Another VC company, Material Impact, on Wednesday said it raised a $352 million fund, its third since its 2016 inception. The company has focused its initial healthcare investments on women’s health-focused companies.
For the latest fund, co-founder and managing partner Adam Sharkawy said the VC will invest in companies that increase access for underserved groups and gather more representative data for AI models.
“AI may help get us to a point where we can decentralize healthcare and increase access to those that currently don't have it. But we're basing it on data sets that exclude underrepresented groups,” Sharkawy said. “You can cause more harm than good if you start creating whole paradigms of treatments in healthcare that are based on data that is skewed and not representative.”

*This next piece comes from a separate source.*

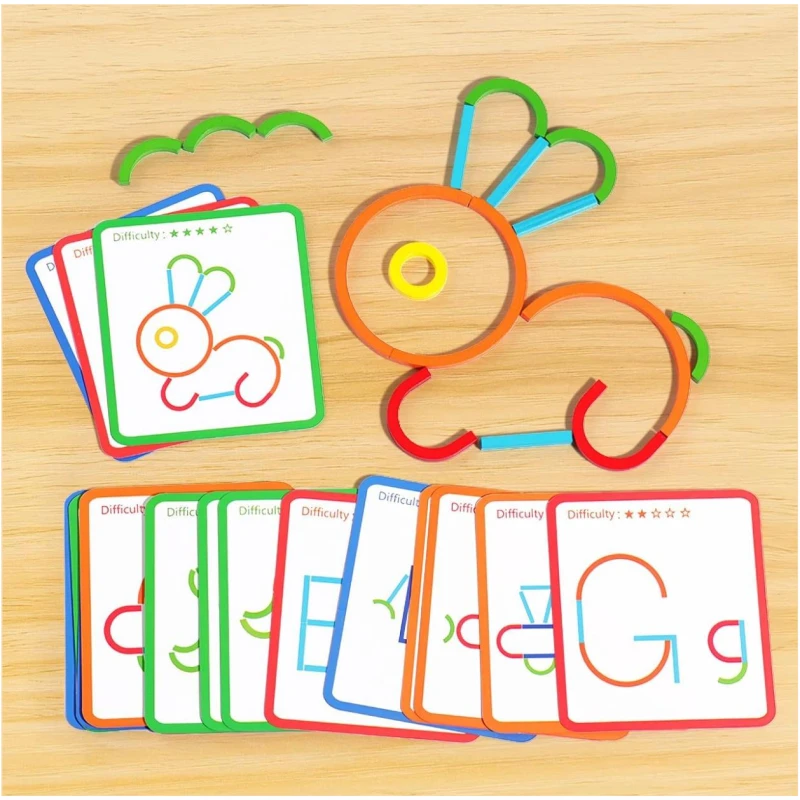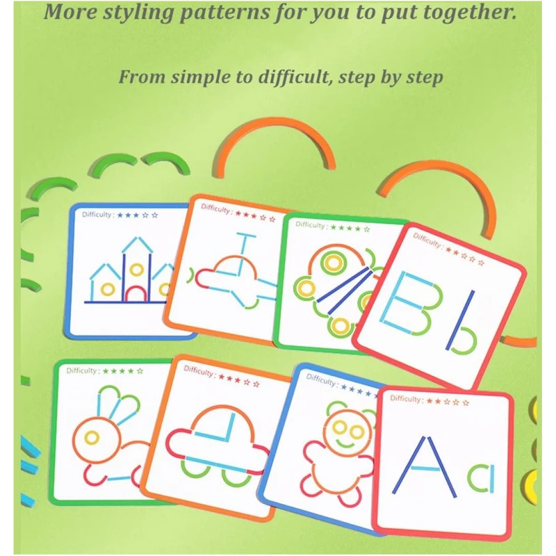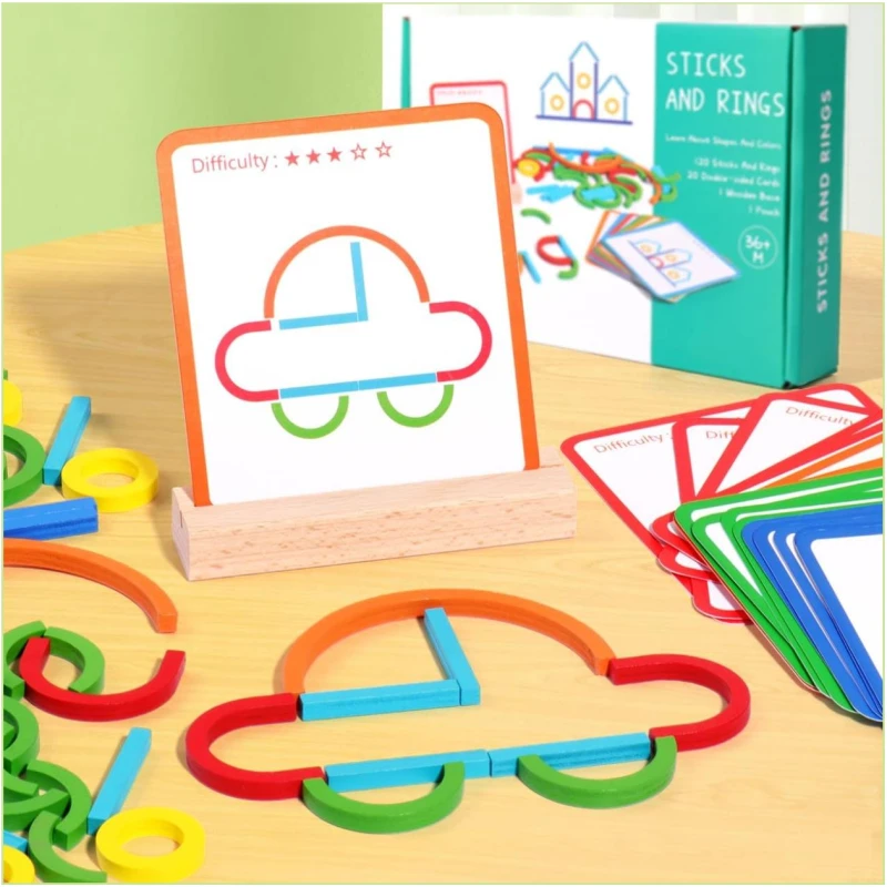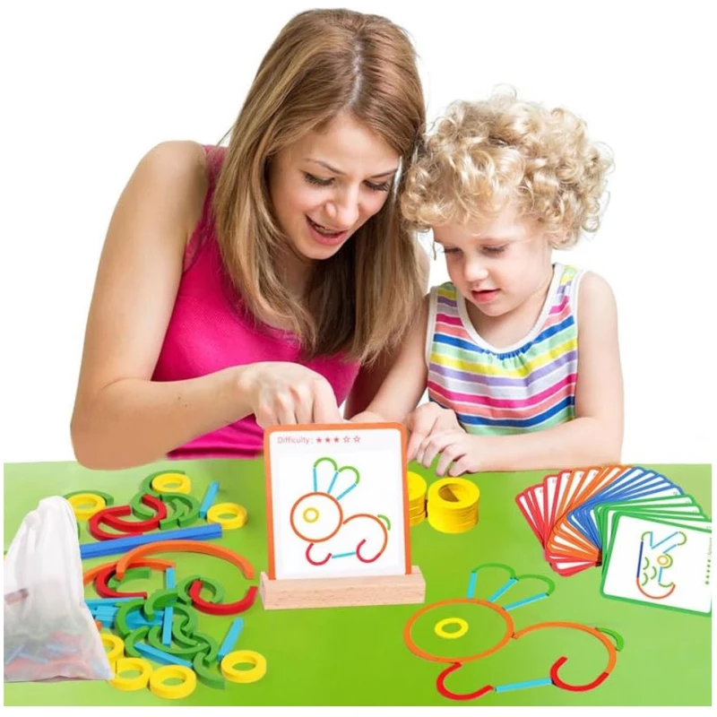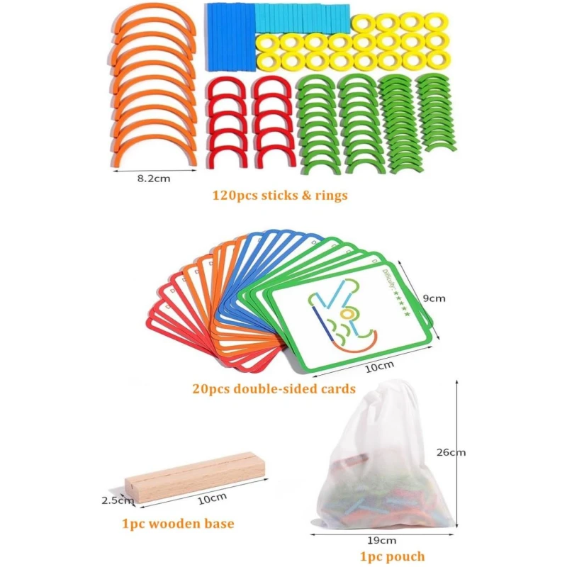 U paketu ćete pronaći 120 štapića i prstenova, 20 kartica s obje strane, drvenu podlogu i torbu za pohranu. Ova igračka je odličan alat za predškolsko učenje koji će vašem djetetu pomoći da razvije svoje vještine prepoznavanja oblika i boja, koncentraciju, maštu, koordinaciju i senzorne sposobnosti.

LRVHealth, a healthcare-focused VC company, closed a $200 million fund in May and partner Ellen Herlacher said it's looking to invest in companies using AI for improved operational efficiency, driving better clinical flow and transitioning providers to risk-based payment models.
For the latter, Herlacher said companies need to ensure their data models take social risks into account, particularly when it comes to patients on Medicaid.
“You can't take risks on these populations without taking health equity or social determinants of health issues into consideration because those ultimately determine clinical and financial outcomes,” Herlacher said.